BOOK ON RECURRENT NEURAL NETWORKS - SEQUENCE LEARNING - PROGRAM LEARNING - FEEDBACK NETWORKS - FEEDBACK NEURAL NETWORK - RECURRENT NETS

Last
update
2015.
Click on
RNN-
related
squares.

This is the preliminary web site on the upcoming Book on Recurrent Neural Networks, to be published by Cambridge University Press. The authors are:
Jürgen Schmidhuber
Alex Graves
Faustino Gomez
Sepp Hochreiter

We hope it will become the definitive textbook on RNN for sequence processing & program learning.

Some of our previous work on RNN (1989-2010) can be found in the recurrent net page or by clicking at the square icons to the right. Our Open Source RNN & LSTM Software Librairies: Brainstorm; RNNLIB; Pybrain.

.

Blurb (from the RNN page): The human brain is a recurrent neural net (RNN): a network of neurons with feedback connections.
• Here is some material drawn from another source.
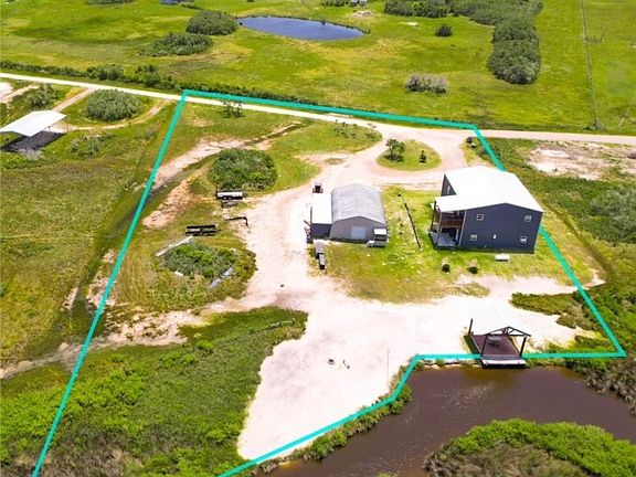 FRESHER PRICE ON 2 ACRES! Plus, relaxing views of Powderhorn State Park and Live Oak Bayou, which runs from Matagorda Bay to the ICW. Enjoy Views of Powderhorn Ranch, assorted birds, deer and even Live Oak Bayou, from kitchen sink, front porch, and from the waterfront Gazebo. Throw a lure from your lawn chair! Lift in attached garage, up to main house, makes life easy! Quonset Hut Style Barn/Carport (1,400 sf) stores 3 Boats: offshore, bay and flounder. Two-Stall, attached garage creates more space for shop / vehicle storage with “buddy room bed/bath” and Utility room. Covered porch, at the top of exterior staircase, leads into main house where vaulted ceiling and open spaces greet you! This great room includes living, kitchen w/breakfast bar and gas cook top, built-in pantry, 2 dining areas, and even a separate office space. Elaborate kitchen includes Granite counter tops, built in oven/microwave, center island and tons of cabinet space. 3 bedrooms and 2 baths upstairs have walk-in showers. Buddy room, downstairs has bath/shower combo. Front porch upstairs has awesome view of Powderhorn Ranch and Live Oak Bayou. Fire pit area set up for cooler nights, in POC. 2 garage doors in attached garage have room for boats and golf carts and even room for a shop area! Separate Quonset Hut holds offshore, bay and flounder boat and has an extra storage area (400 sf) attached. 2 acres means plenty of room to spread out and allows for loads of parking space for your family and friends, and their trucks, boats, and trailers. Relax in the open spaces and enjoy the view of the Powderhorn State Park and all its wildlife, on Live Oak Bayou!

It can learn many behaviors / sequence processing tasks / algorithms / programs that are not learnable by traditional machine learning methods. These capabilities explain the rapidly growing interest in artificial RNN for technical applications: general computers which can learn algorithms to map input sequences to output sequences, with or without a teacher. They are computationally more powerful and biologically more plausible than other adaptive approaches such as Hidden Markov Models (no continuous internal states), feedforward networks and Support Vector Machines (no internal states at all). RNN have recently given state-of-the-art results in time series prediction, adaptive robotics and control, connected handwriting recognition, image classification, speech recognition, protein analysis, stock market prediction, and other sequence learning problems.
.

Request for references.
Quite a few references to previous work on RNN can already be found in this incomplete and unordered bibfile; even more can be found in this bigger bibfile, but many important citations are still missing. To make sure we give a comprehensive overview of the field, we ask those who have contributed to it to send additional relevant references, preferably bibtex, to juergen@idsia.ch. For each of your papers, could you please also send at most five lines stating why you feel this was novel back then, possibly tinged by the benefit of hindsight? Thanks a lot!
.

Sorry for the delay! Unfortunately, the RNN book is a bit delayed because the field is moving so rapidly. However, the Deep Learning Overview (Schmidhuber, 2015) is also an RNN survey. Useful algorithms for supervised, unsupervised, and reinforcement learning RNNs are mentioned in Sec. 5.5, 5.5.1, 5.6.1, 5.9, 5.10, 5.13, 5.16, 5.17, 5.20, 5.22, 6.1, 6.3, 6.4, 6.6, 6.7.

PREFACE (January 2011). Soon after the birth of modern computer science around the 1930s, two fundamental questions arose: 1. How can computers learn useful programs from experience, as opposed to being programmed by human programmers? 2. How to program parallel multiprocessor machines, as opposed to traditional serial architectures? Both questions have triggered enormous research efforts over the past 70 years, yet are more pressing than ever. The simple architectures and algorithms in this book will tackle them, trying to catch two big birds with one stone.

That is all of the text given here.